Part 6 – Recovery at home after 1st Chemo cycle

It was never going to be an easy time but the fatigue really caught me out. I’ve run a marathon before and the fatigue after that is absolutely a walk in the park compared. I think I felt because I was in good shape I would maybe avoid some of the fatigue, but this wasn’t to be. For around 10 days after I left the hospital I was pretty housebound, at times I literally couldn’t move – dad had to at times rescue me on the stairs because my legs literally wouldn’t move me. There’s no words to describe it, but it was hugely frustrating to be unable to do literally anything at times. It’s all so frustrating.
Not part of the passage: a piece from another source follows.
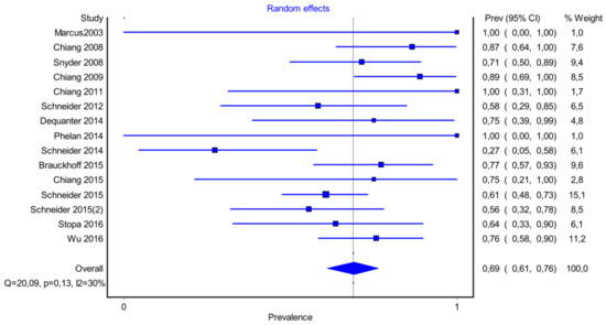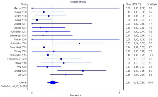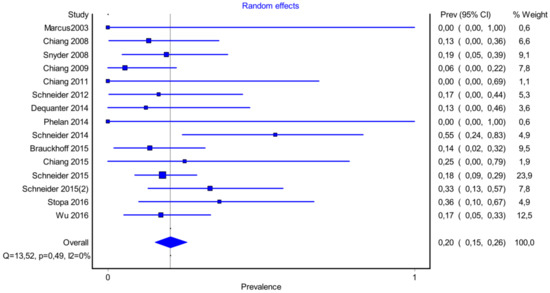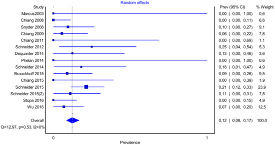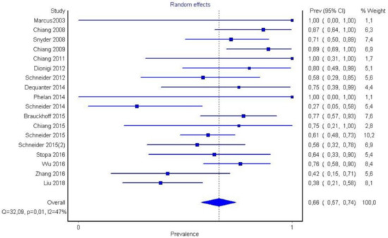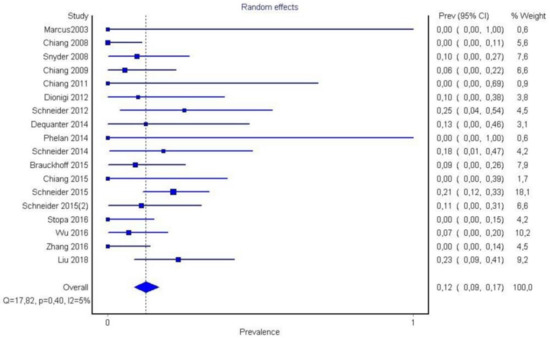 It is also important to notice that the results of studies for region P1 have moderate heterogeneity (I2 = 47%, p = 0.01) (Figure 2, Figure 3 and Figure 4) while in regions P2 (Figure 4 and Figure 5) and P3 (Figure 6 and Figure 7) there is no heterogeneity (I2 = 32%, p = 0.10 and I2 = 5%, p = 0.40 respectively). In each case all the results are considered to be normally distributed.

I’ve had 2 chemo boosters, they were just administered at the hospital as an injection and I then went home. I was told that there is a 1 in 7 chance of having a reaction to the booster, and if I was to run a temperature (above 38 degrees) it was to be ignored on this day. In normal circumstances if I ran a temperature I had to immediately go straight to hospital.
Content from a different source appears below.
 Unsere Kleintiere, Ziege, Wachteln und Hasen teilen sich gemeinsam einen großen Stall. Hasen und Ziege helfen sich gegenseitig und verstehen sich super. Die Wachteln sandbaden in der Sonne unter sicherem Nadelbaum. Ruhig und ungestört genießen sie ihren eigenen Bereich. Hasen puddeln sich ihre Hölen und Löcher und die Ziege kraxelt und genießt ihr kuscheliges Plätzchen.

Anyway, so I had a reaction, gah, not ideal. Ran the temperature and felt absolutely horrendous that evening, staggering about and struggling to function. The worry was that although I’d been told it would be a reaction to the booster, what if it was just coincidental and was something else. After a stressful evening by the morning it had cleared and I felt more normal. Phew!

Side effects overall I’ve been very lucky, I’ve had a constant ‘hangover head’ which has given a kind of brain fog that hasn’t gone away. This was really bad for those first 10 or so days and has now cleared a little, but there is no escaping it. The hair loss started a few days ago and over the last day or so has got a lot worse. I had my hair cut gradually shorter,  but my scalp these last few days has felt on fire, like I’m getting needles stabbed in it. Shave it off real short – helped a lot!
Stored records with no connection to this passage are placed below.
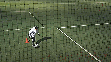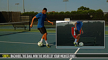 第一步:我们惯用脚用脚后跟将球磕到弱势脚的脚内侧。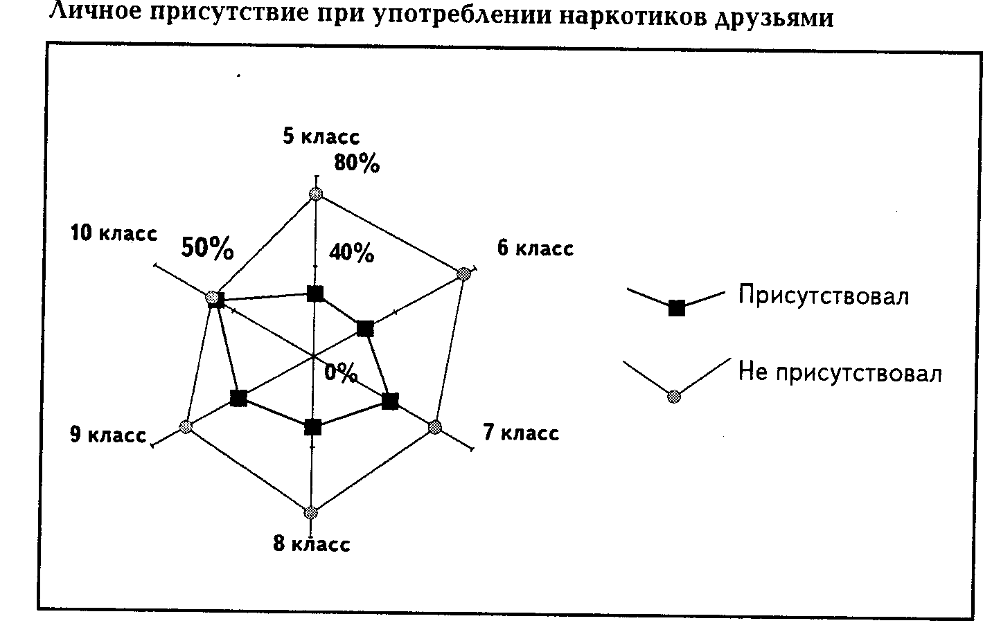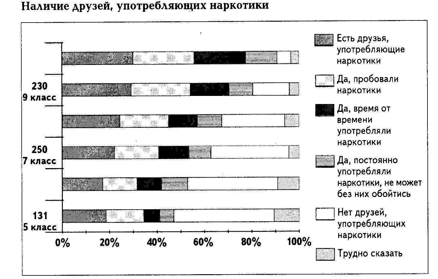 Этот вывод подтверждает и данные о том, что 38% подростков не просто знают о том, что их друзья употребляют наркотики. Но и лично присутствовали при этом. Среди десятиклассников каждый второй видел, как его друзья употребляют наркотики. Таким образом, к десятому классу доля тех. Кто втянут в круг друзей и знакомых, где употребляют наркотики, достигает 50% (Приложение 1,)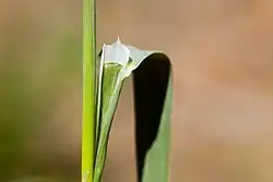 - Ulistnienie naprzemianległe. Liście żywozielone, równowąskie, całobrzegie. Pochwa obejmująca źdźbło sięga aż do kolanka. U dolnych liści języczek bardzo mały, u górnych większy (do 2 mm) i przeważnie ostry.

Tinnitus, the fatigue, mouth ulcers, hair loss and the weird metal taste as side effects but aside from that I’ve been very fortunate. I feel awful but it could be a lot worse.

April 25th, next cycle starts on 27th April. 1 down, 2 to go!

3 comments

  1. Keep battling Ollie, you’ll get there and I’ll be waiting for you on the other side of the net to ram a 12mph serve down your neck! xx

  2. My biggest question thinking of you on treatment number 1, was really how quickly you are brought down by the treatment. Like you I thought youth and fitness was possibly going to stave off severe effects in the short term, am saddened further to hear the effects were so strong so soon, but being positive, with good reason, kicking cancers butt. Stay positive my friend. AndyT

  3. Oli, your bravery not just in facing your diagnosis and treatment but also in delivering your experience through this blog is humbling and inspiring all in one go. I am lucky to know you personally and can literally hear you saying these words as I read and I think that’s something that people will really relate to.
    I simply cannot imagine the waves of emotions (not to mention nausea etc) that you must be feeling every day but I know that you have an amazing family and your friends (no matter how far away we are) will always be ‘there’ for you.

    I must say, on a personal note, the hair loss for me is exceptionally troubling – Your nickname won’t make sense any more! ;o)

    I should also say that your having had this experience and the conversations we had before your surgery, and this blog, I have checked myself – for the first time, at 32 years old. It proves that awareness is everything so thank you for being you, for being strong enough to use your own experience to raise awareness for others.

    Keep going pal. I’m with you every step of the way.

    Like all cancer sufferers that are fighting their battles with the evil disease, you’re a hero. As one consultant I used to work with said “why can’t cancer just f*%k off?!”